Project Activities
The project formulated multidimensional, item response theory models within the generalized linear and nonlinear mixed model framework. Graphical model theory was used to assess the computational complexity of the models and efficient maximum likelihood estimation methods were derived for those models for which the computational burden can be reduced by exploiting the conditional independence relations implied by the model. Models of various degrees of complexity were formulated: a confirmatory structure reflecting one item classification scheme (either content- or process-based), a confirmatory structure that reflects the cross-classification of items along both content domains and cognitive processes, and a confirmatory structure that reflects the cross-classification of items and the effect of item clusters. The models that allow for efficient, maximum-likelihood estimation will be applied to a NAEP or other large-scale educational survey assessment. The results were disseminated and the research software used to estimate the models was made available on a website dedicated to this project. The software was developed within a general framework that integrates mixed models with graphical models.

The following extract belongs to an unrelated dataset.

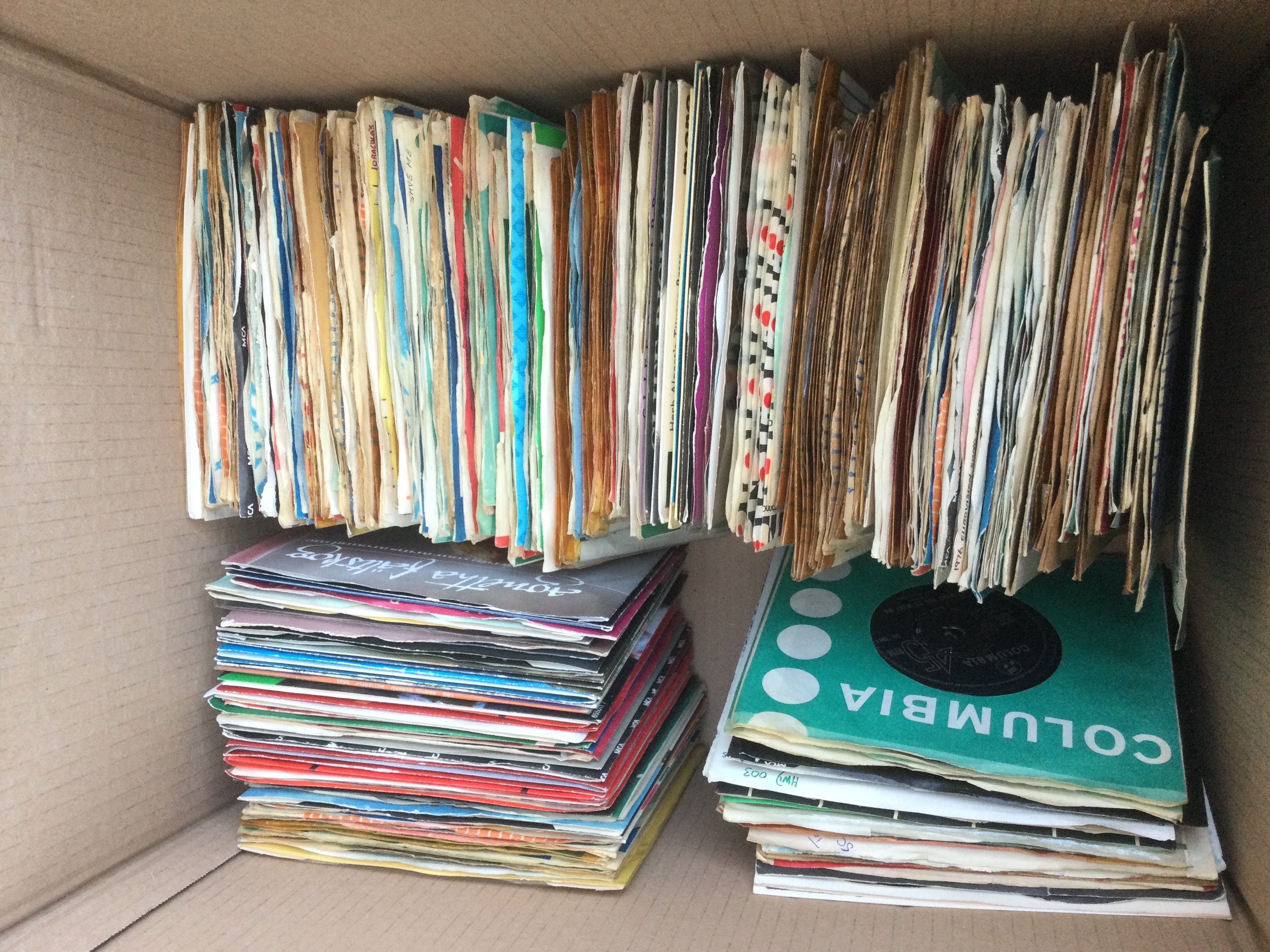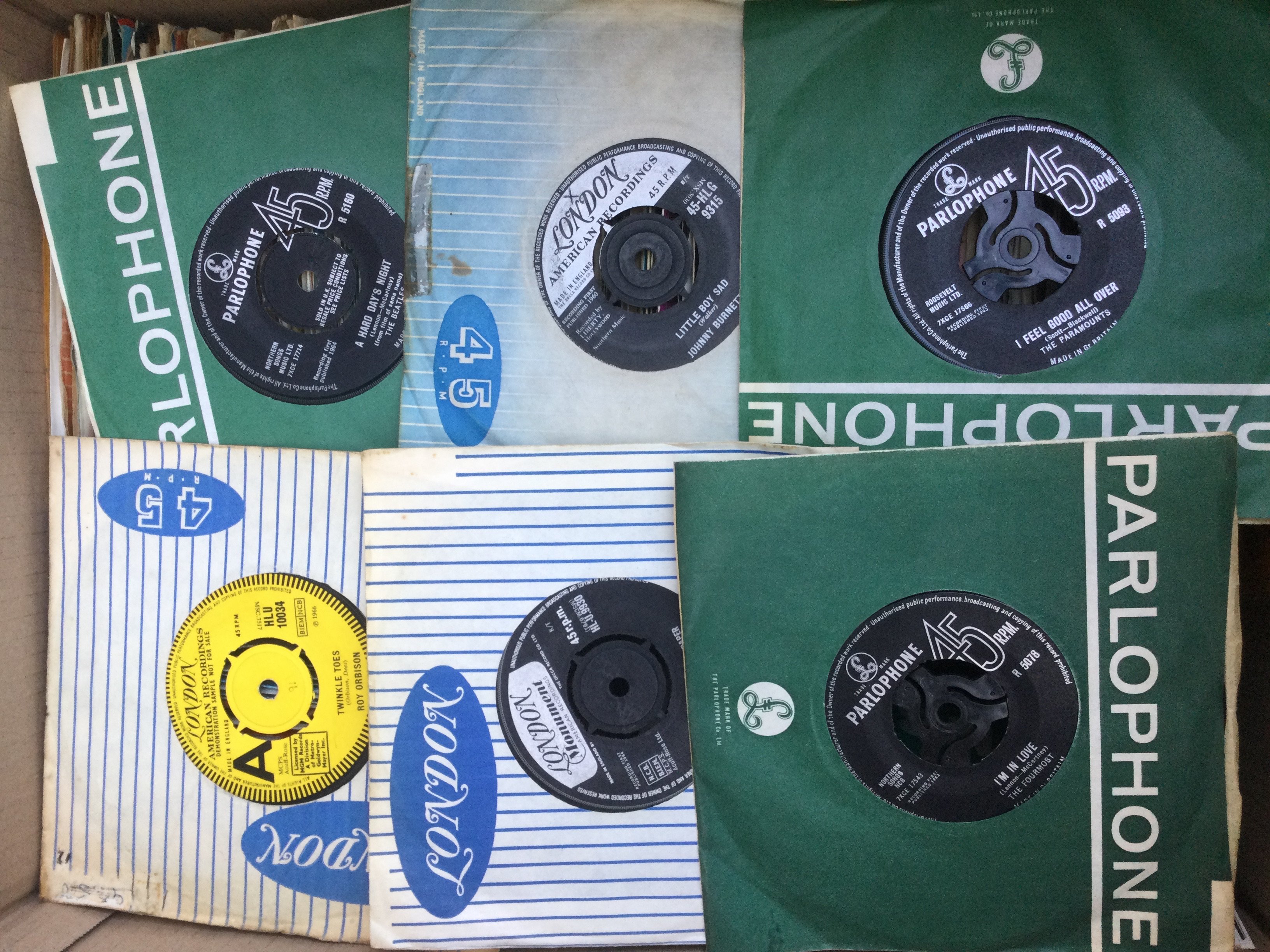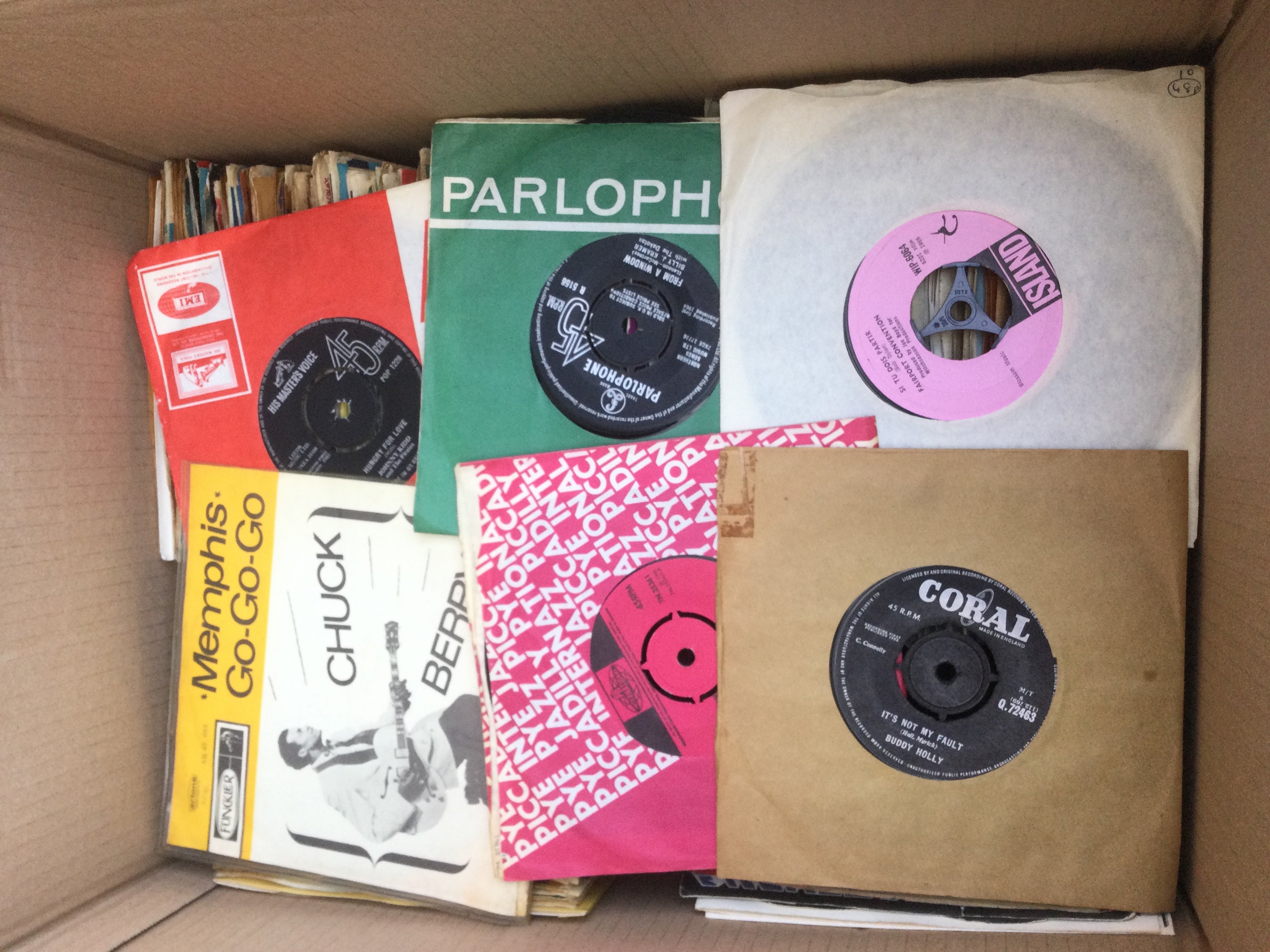A box of 7" singles by various artists including The Beatles, Johnny Burnette, Billy Fury and many more.

The project also developed alternatives to numerical integration for those models for which the computational burden remains high after exploiting the conditional independence relations. Both stochastic and variational approximation techniques were developed and evaluated using simulated data. Successful estimation methods were applied to a NAEP or other large-scale educational survey assessment. The results were disseminated through a presentation at a statistical or psychometric conference and research software for sampling-based and variational methods will be made available on the website.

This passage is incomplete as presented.